A Clark County man convicted for the 14th time for drinking and driving will spend the next six years in prison.
William Newman, 53, had his case continued two times before he was sentenced by Clark County Common Pleas Court Judge Richard O’Neill on Tuesday. He faced up to 10 years in prison because he was a repeat offender.
Health problems have plagued Newman since his arrest. Before learning his fate, Newman asked the judge to postpone his sentence for a surgery to remove clots from his leg. A similar procedure is why the other hearings were continued.

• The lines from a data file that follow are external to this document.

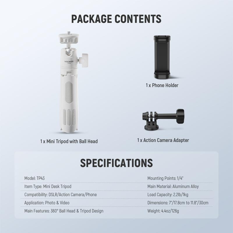 ·Main Features: 360° Ball Head & Tripod Design
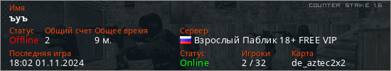 Играет на Counter Strike 1.6 сервере. Страна: РоссияПервый раз замечен 16:26 26.11.2023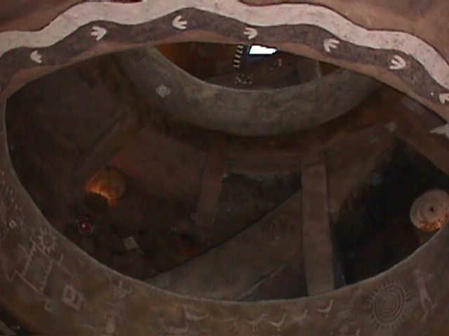 The place was designed to resemble a traditional Kiva - ceremonial house. I am not sure any kivas were 3 stories tall though.
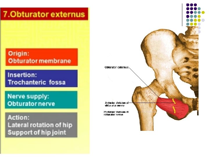 SIX LATERAL ROTATORS Piriformis. l Obturator internus. l Gemelli (superior and l inferior ). Obturator externus. l Quadratus femoris. l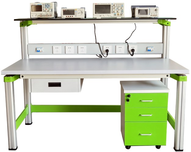 實(shí)訓桌規格為1600(長(cháng))*700(寬)*1150(高),設有一個(gè)抽屜;實(shí)驗桌主體結構全部采用高性能表面氧化的鋁型材及一次成型鋁壓鑄框架連接構件,連接構件采用壓鑄成型工藝(非焊接工藝),經(jīng)機加工、拋丸、噴砂,表面靜電噴涂工藝,安裝方便、快捷,用戶(hù)可自行DIY組裝。桌體立柱采用工業(yè)鋁型材成型工藝,表面氧化處理,截面尺寸:70mm×70mm,四面帶槽,槽寬約8mm,端部裝有注塑成型配套塑料堵頭。桌面采用25mmE1級三聚氰胺飾面板,桌面板下設支撐框架,承受力不少于300kg。配備儲存柜,存放元件及工具,儲存柜底部4只高強度萬(wàn)向可制動(dòng)PU腳輪,方便移動(dòng)。實(shí)訓裝置整體簡(jiǎn)約不簡(jiǎn)單,高端大氣,符合現代化產(chǎn)品審美和發(fā)展趨勢。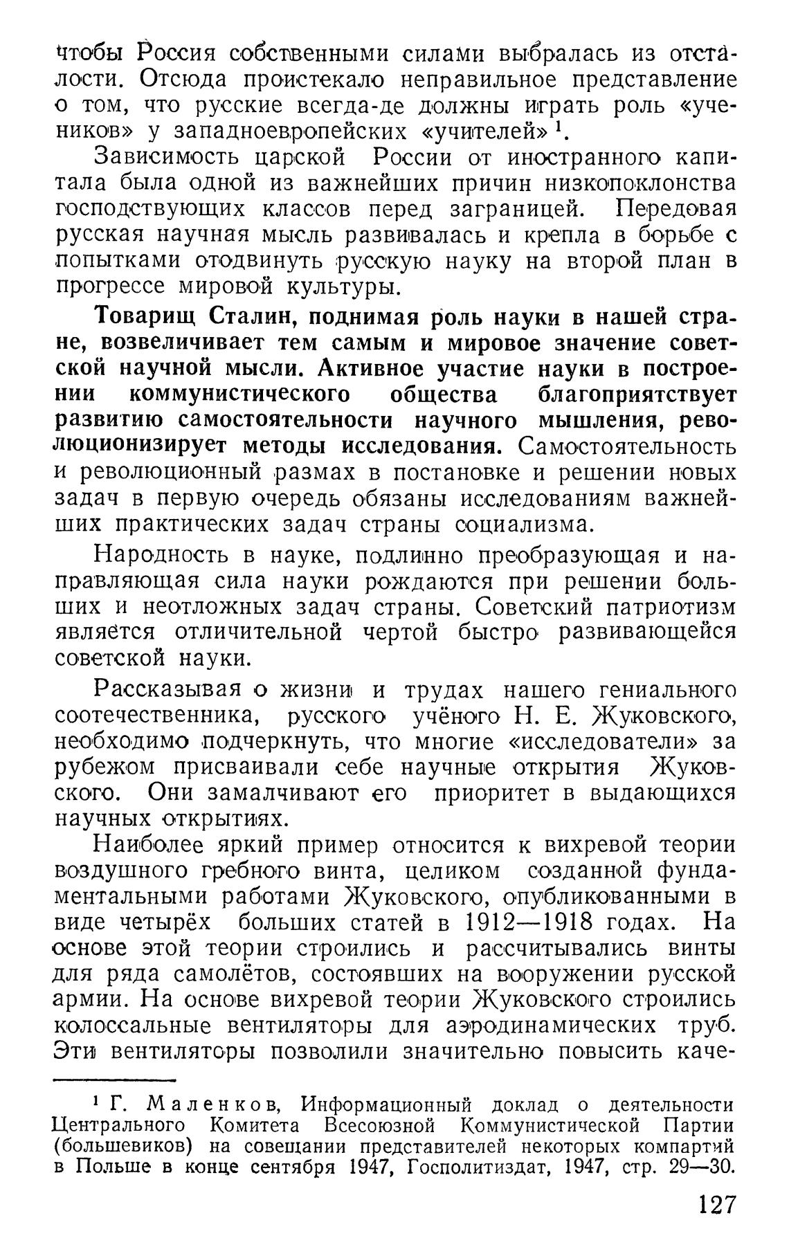 Товарищ Сталин, поднимая роль науки в нашей стра-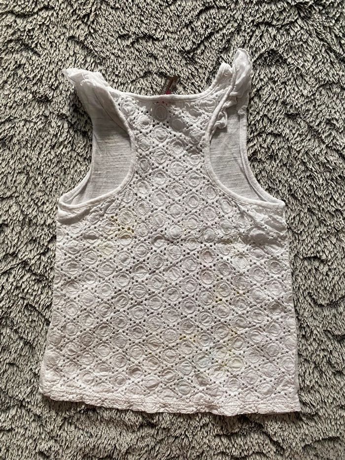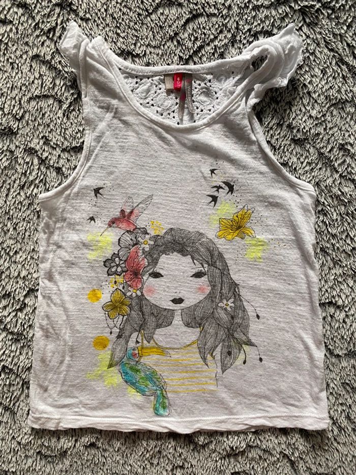 Débardeur blanc avec dentelle sur l’arrière et motif petite fille sur le devant, de la marque Orchestra, en bon état - taille 6 ans #cath_moi6ansfille D'autres modèles et marques disponibles pour garçon du prématuré au 10 ans et pour fille du naissance au 6 ans dont Timberland, Bout'chou, Zara, Jacadi, Tape à l'œil, Okaidi, DKNY, Monoprix...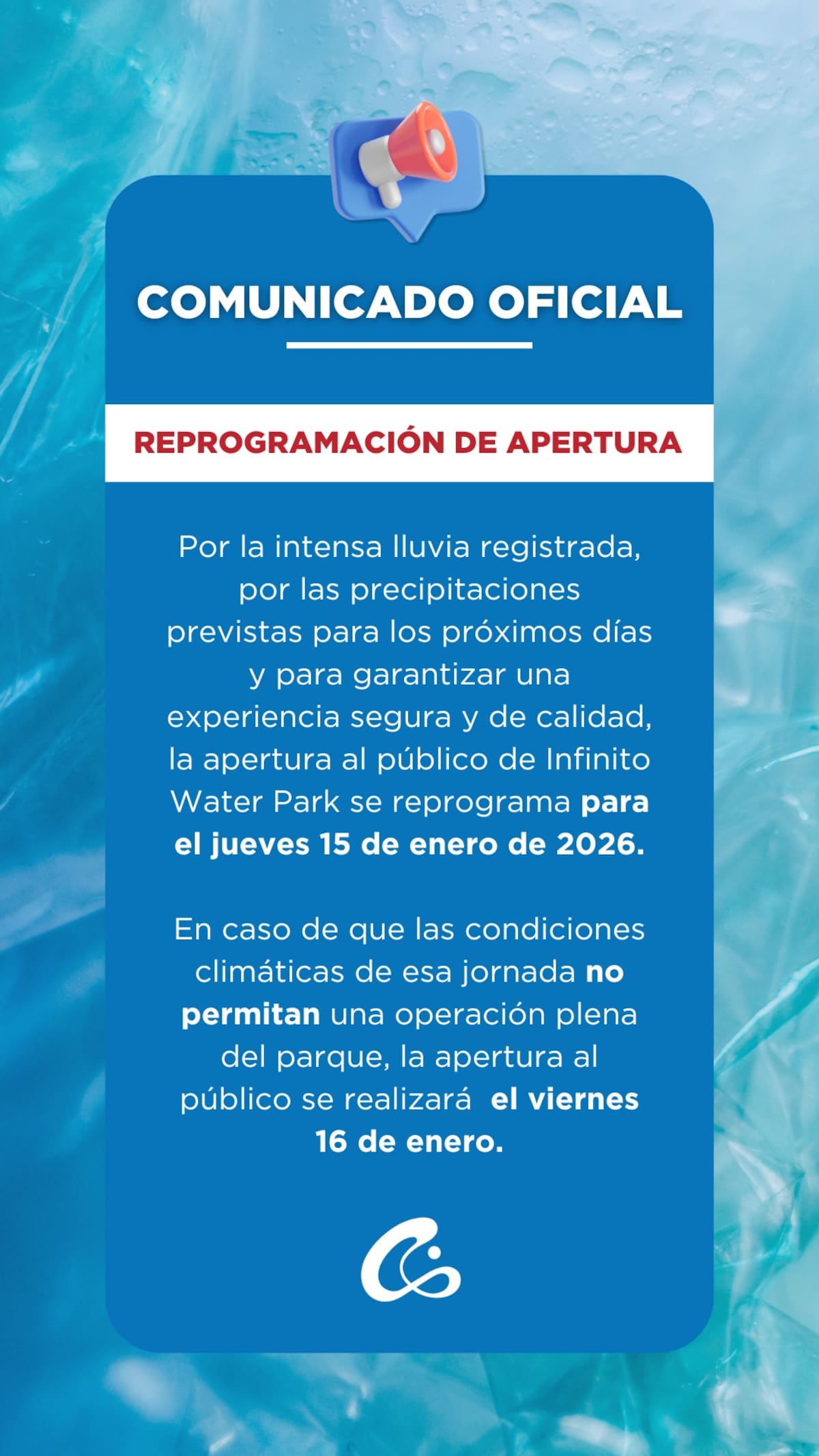 El parque acuático más grande de la Argentina, Infinito Water Park, ajustó otra vez su cronograma oficial y reprogramó su fecha de apertura para el jueves 15 de enero, la primera postergación se había pasado del 3 de enero al sábado 10 de enero de 2026. El megaproyecto que tuvo una inversión de 40 millones de dólares, tendrá más de 50 atracciones y una capacidad para 12.500 visitantes simultáneos.

“I do have a drinking problem, and I am sorry for what I’ve done,” Newman said. “And, your honor, my doctor said it was imperative I have this surgery to get my left leg done because it’s 100 percent blocked, and it could result in me having a stroke or a heart attack.”
Lisa Fannin, Clark County assistant prosecutor, argued Newman could receive treatment in prison, and that he posed a significant risk to the community while not behind bars because he continued to drink and drive. Ultimately, O’Neill agreed, sentencing him to six years, fining him $1,350 and suspending his license for 25 years.
Newman has been convicted of operating a vehicle while under the influence in 1978, four times in the 1980s, five times in the 1990s and in 2005, 2007 and 2009. The last time he was convicted, Newman received two-and-a-half years in prison and lost his license for 15 years — a penalty that Fannin said didn’t prevent him from driving drunk in February and striking two parked cars on Richwood Road in Northridge. The vehicle he was driving was registered to a friend, according to court records.
“Most of the time these people don’t have vehicles registered in their name. Unfortunately, they find a way to drink and drive,” she said. “That’s why it’s important to send them to prison for the maximum possible time in order to protect the public.”